Juvenile MG vs. congenital myasthenic syndromes

CMS is a group of genetic conditions that affect nerve-muscle communication and can cause symptoms similar to those of MG.  The two conditions are distinct, and differentiating between them is important because treatment approaches differ. CMS typically appears earlier in life, and the ensuing muscle weakness is more often generalized than in juvenile MG.

Juvenile MG CMS
Muscle weakness and fatigue Muscle weakness and fatigue
Autoimmune origins Genetic origins
Symptoms usually emerge in childhood or adolescence Symptoms usually appear soon after birth

Long-term outlook

The long-term outlook is generally positive for children with juvenile MG, who typically have a normal life expectancy with the right treatment. Children are also more likely than adults to enter remission, or a state of low to no disease activity. In one study, the juvenile MG remission rate was about 25%.

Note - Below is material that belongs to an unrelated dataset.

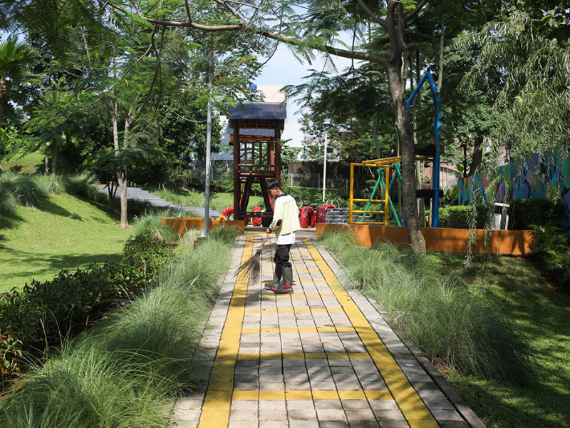 Taman Maju Bersama (TMB) Delonix menjadi ruang bermain favorit warga di sekitar Jalan Tipar, Kelurahan Pekayon, Pasar Rebo, Jakarta Timur. Taman yang memiliki luas kurang lebih 8.200 meter ini juga dipilih sebagai lokasi peresmian 100 TMB oleh Gubernur DKI Jakarta, Anies Baswedan, pada Rabu (12/10) lalu. (Foto: Nugroho Sejati/beritajakarta.id)

Factors that may be associated with better outcomes in juvenile MG include:

  • developing symptoms before puberty
  • having less severe symptoms
  • having only ocular symptoms
  • receiving proper treatment

Juvenile MG is typically a lifelong condition and requires a multidisciplinary care team to support quality of life. This includes emotional and psychological support to help children cope with the challenges of living with a chronic condition.